= Dana Andrews (musician) =

American singer and musician

Dana Andrews is a singer/musician from Augusta, Georgia. She was a top 15 finalist on the TV show Rock Star: Supernova.

==Biography==
===Early life===
Born and raised in Augusta, Georgia, Dana found the stage early. She sought out any avenue to showcase her talent from elementary to high school and beyond. Whether it was school plays, karaoke contests or community theater, Dana has always found the spotlight. At thirteen, she began creating her own original material and devised a mission to find the musicians to complete her sound.

===Career===
Dana joined The Tony Howard Show & Band (a top-40 cover band) singing backup and lead at nineteen to hone her vocal skills. Shortly thereafter she cut her first demo. She traveled to several syndicated radio stations in the Southeast to promote her own music, and eventually was contacted by Everything After, an established original band based in Columbia, SC. Shortly after officially joining the band in early 2006, Dana auditioned for CBS's Rock Star: Supernova, hosted by Dave Navarro and Brooke Burke. Out of over 25,000 artists from nine countries auditioning, she made the final 16 and traveled to Hollywood to be on the show. She lasted 6 weeks on the show. The band Supernova consisted of Gilby Clarke, Jason Newsted, and Tommy Lee.

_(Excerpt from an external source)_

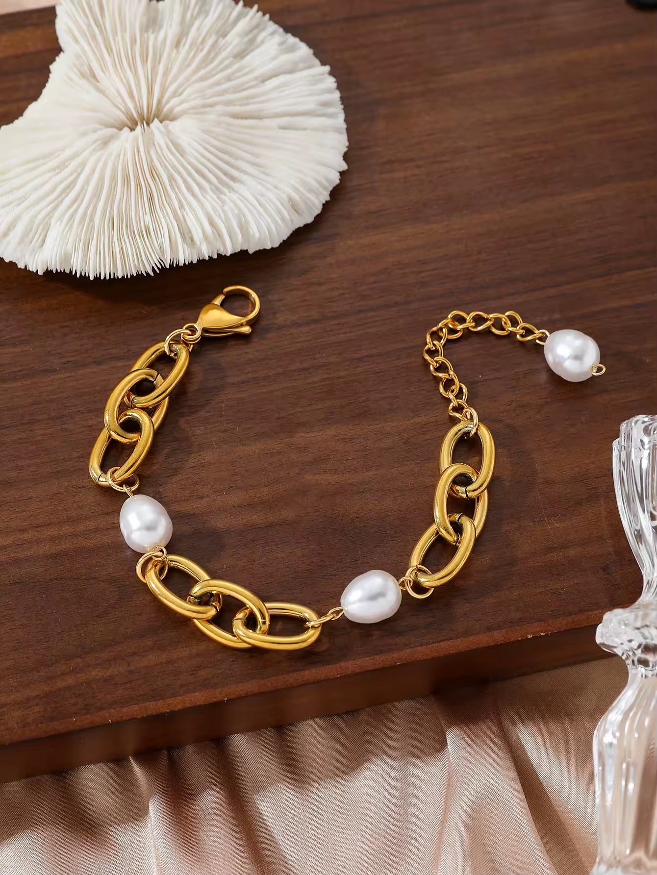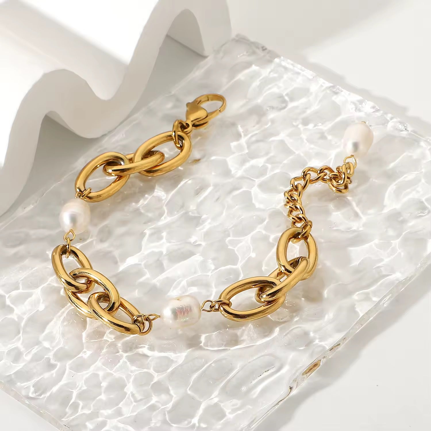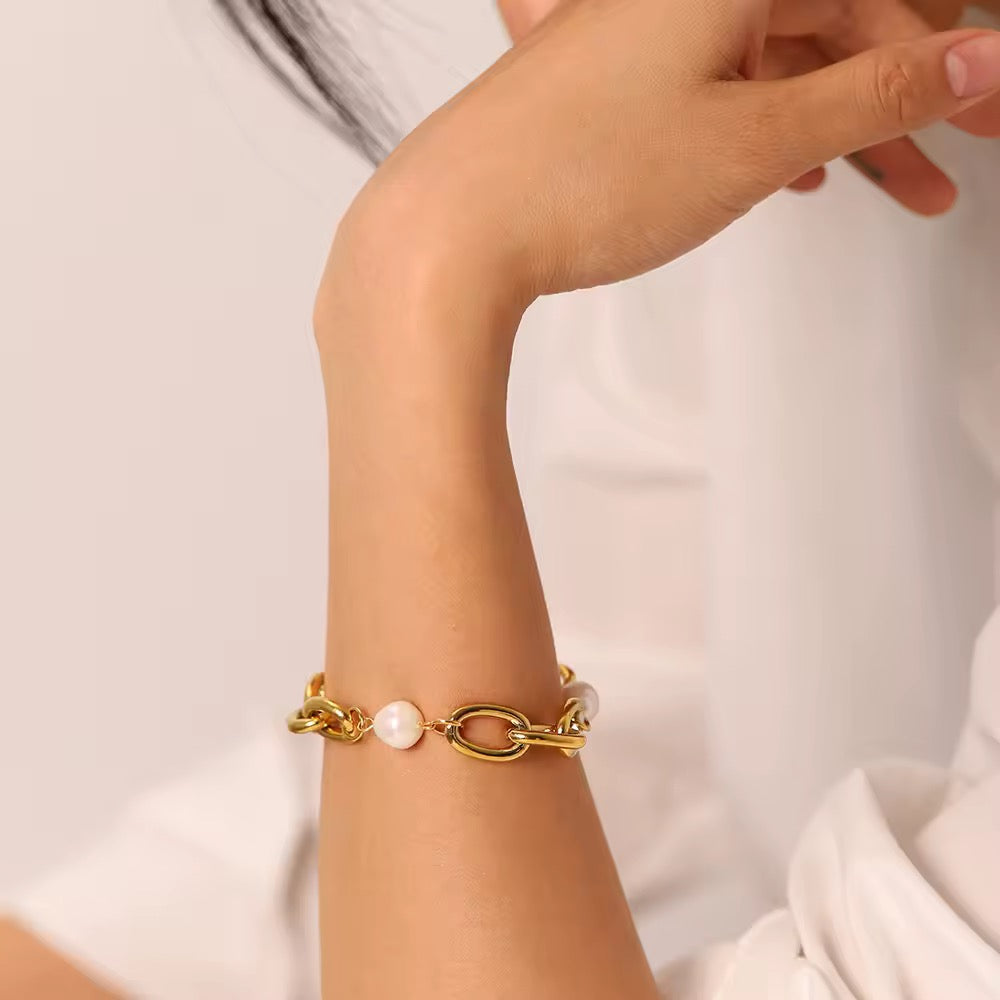 Pulsera de Eslabones con Perlas de Agua Dulce

After being released from the competition, Dana returned home, where Augusta mayor Deke Copenhaver personally awarded her with a plaque declaring August 12, 2006, to be Dana Andrews Day. Soon, she reunited with her band, Everything After, in South Carolina. Within one month, the group had recorded and publicized two songs that were played on radio stations such as WARQ, WXRY and WCHZ. They performed with acts like 7 Mary 3, Decyfer Down, Black Stone Cherry, Drivin N Cryin, Hanson, Crossfade, and Buckcherry and developed a steady following. In 2009, she relocated to Los Angeles, recording with several different projects of various genres. She was a member of the blues-infused rock band Uniform Standard, where she played top venues in Los Angeles and San Francisco, had a show at SXSW Austin and played in NYC at The Bitter End.

She has now started a solo music career where she blends Southern rock with faith-based lyrics. She is based in Los Angeles.